People who claim benefits at age 62 get reduced payments over a longer number of years, while those who start benefits at 70 get much larger payments later on in retirement. When you reach the break-even age, the cumulative lifetime benefit amounts received under the two start-date scenarios will converge and become equal; if you live beyond that point, you will come out ahead by having delayed claiming benefits.
The question you need to ponder is what worries you more: the prospect that you could die early without having elected to take lower benefit payments to which you were otherwise entitled in the interim, or living beyond the breakeven point and ending up claiming far lower monthly benefits payments than you could have received later in life because you started drawing them too early? Break-even analysis influences many people to claim benefits earlier or later than they otherwise might have, because they know their family’s history and their own health and living habits. Give serious consideration to your life expectancy. Take into account family history, your eating and exercise habits, your current health, whether you smoke, drink alcohol in excess, use drugs, and other factors.
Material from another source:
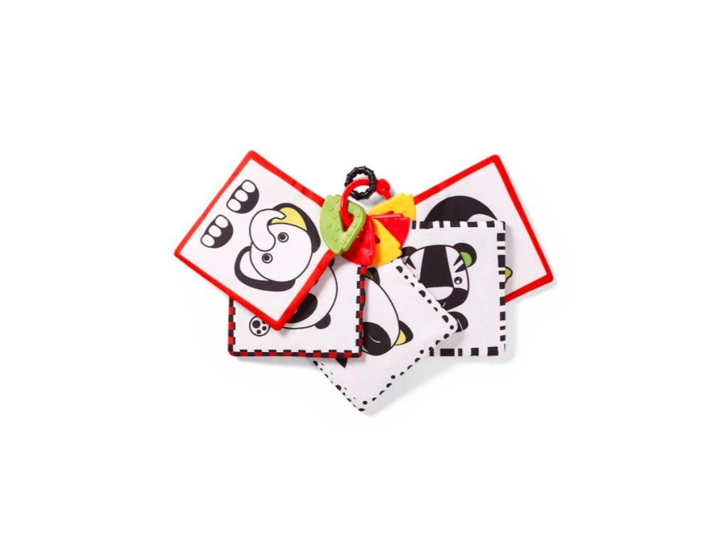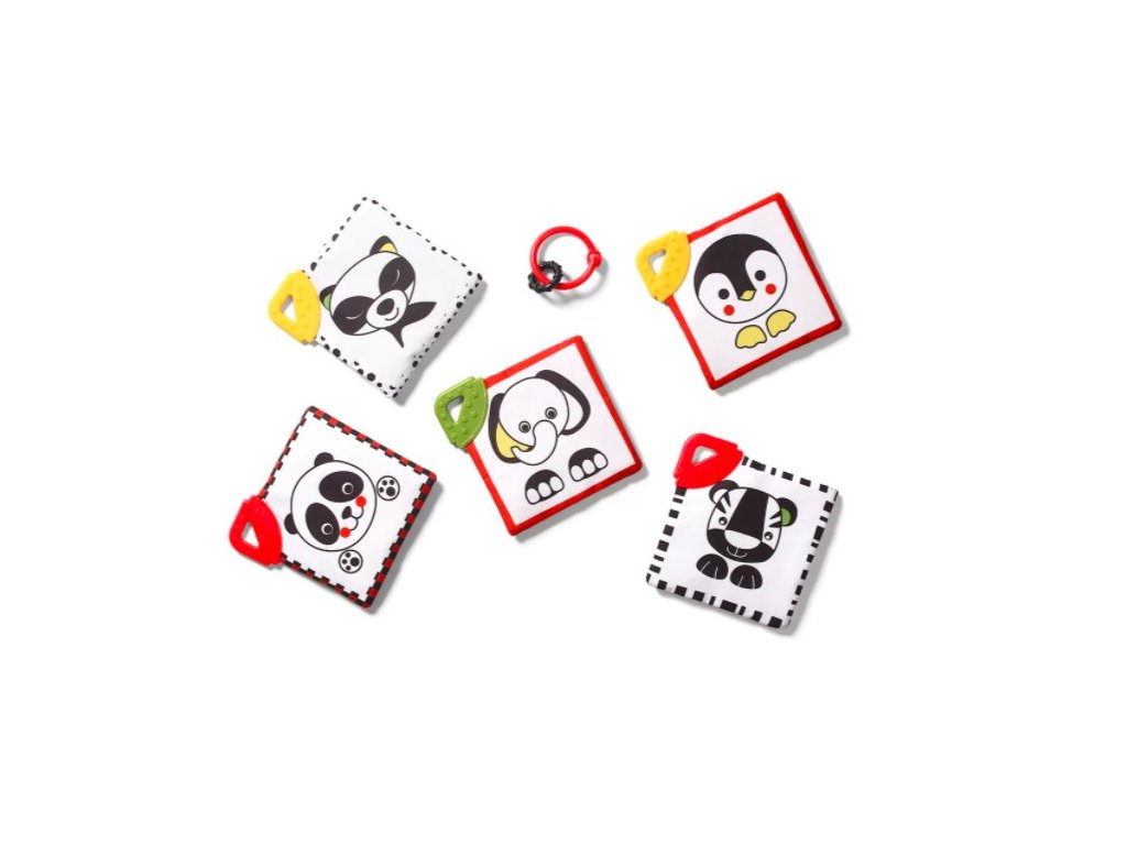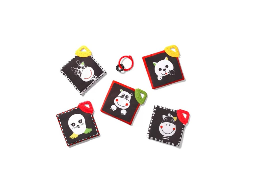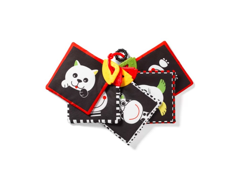 Tato krásná látková kontrastní knížka je nenahraditelná do postýlky nebo do kočárku. Dětem se bude bezchybně držet v jejich malinkých ručičkách. Uvnitř každého listu se skrývá šustící vložka a pískátko, které se stane předmětem zkoumání. Po straně děti najdou kousátko, které je bude lákat a dá se vložit do pusy. Navíc červená černá a bílá je první barva, kterou miminka vidí, takže hračka bude tou pravou volbou. Listy knihy jsou spojeny kroužkem z kterého se dají odnímat.

Also consider how long you plan to work, and what retirement assets you will have to draw upon. Since you effectively get a 7.41 percent boost in your monthly benefit for every year you wait to draw Social Security between 62 and your full retirement age, pulling from an IRA or other retirement account might be a wiser course than drawing Social Security early; those retirement accounts are not guaranteed to grow 7.41 percent per year.
You may not have the ability to be as strategic. If you suffer a job loss after age 62, are unable to keep up with the physical demands of your job, or your family is struggling with unemployment, high medical bills, or other unexpected expenses, you may have no choice but to apply for your Social Security benefits in order to meet your living expenses.
It will likely make sense to withdraw before the age of 70 if you have a serious health issue. If you can no longer work because of illness, or do not expect to live very long, you should probably draw at the earliest point you can.
If you have/had a physically demanding job, you may not be able to do that particular job anymore, but are not considered disabled because you can do other kinds of work. For individuals who are otherwise in good health, seeking a new job at 62 may make sense. Others might be better off drawing Social Security. You need to consider your situation, what you are capable of doing, what other resources you have, and make the right decision for you.